Data block —

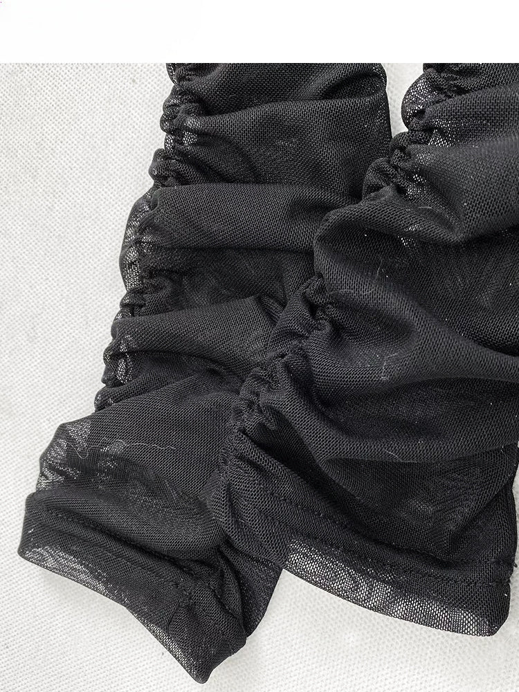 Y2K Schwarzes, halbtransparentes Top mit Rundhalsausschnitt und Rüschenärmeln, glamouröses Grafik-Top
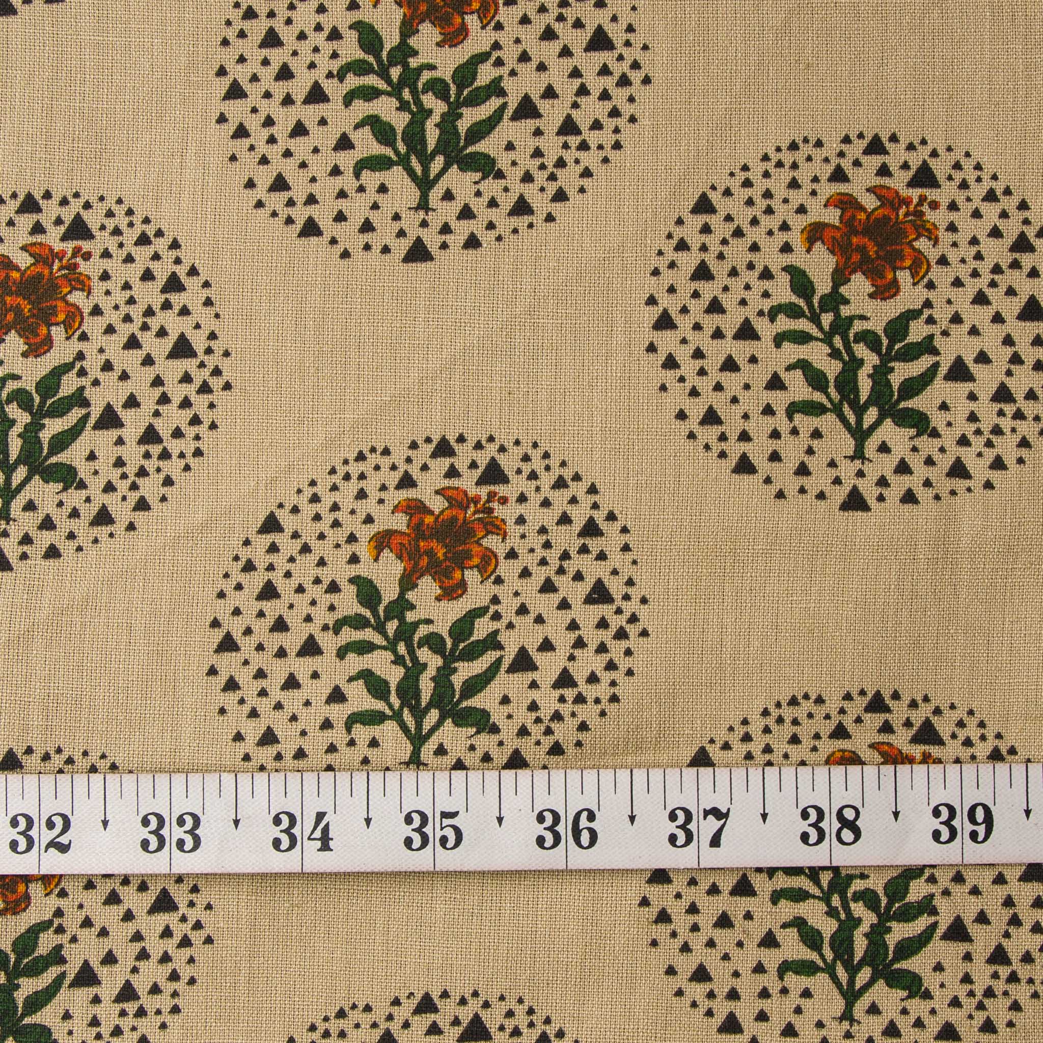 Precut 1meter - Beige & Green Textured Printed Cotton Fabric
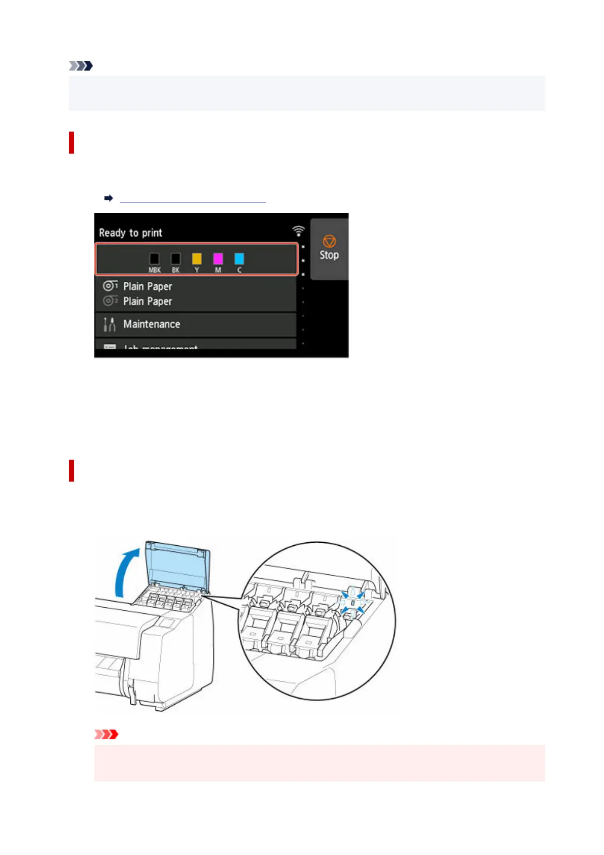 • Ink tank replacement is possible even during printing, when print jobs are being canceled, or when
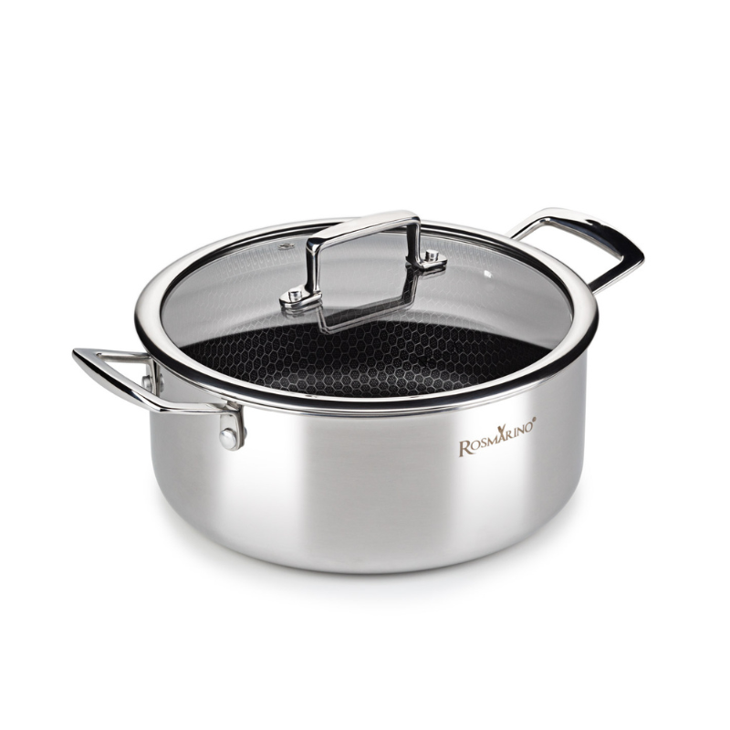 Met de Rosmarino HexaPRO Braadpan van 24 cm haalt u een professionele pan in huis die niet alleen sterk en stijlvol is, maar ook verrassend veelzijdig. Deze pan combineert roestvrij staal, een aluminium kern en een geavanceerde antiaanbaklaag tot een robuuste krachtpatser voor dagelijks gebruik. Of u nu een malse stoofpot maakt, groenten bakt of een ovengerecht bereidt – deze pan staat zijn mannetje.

What needs to be done — Leave the pictures out and return the rest of the material exactly.

Exercise response —
 Y2K Schwarzes, halbtransparentes Top mit Rundhalsausschnitt und Rüschenärmeln, glamouröses Grafik-Top
 Precut 1meter - Beige & Green Textured Printed Cotton Fabric
 • Ink tank replacement is possible even during printing, when print jobs are being canceled, or when
 Met de Rosmarino HexaPRO Braadpan van 24 cm haalt u een professionele pan in huis die niet alleen sterk en stijlvol is, maar ook verrassend veelzijdig. Deze pan combineert roestvrij staal, een aluminium kern en een geavanceerde antiaanbaklaag tot een robuuste krachtpatser voor dagelijks gebruik. Of u nu een malse stoofpot maakt, groenten bakt of een ovengerecht bereidt – deze pan staat zijn mannetje.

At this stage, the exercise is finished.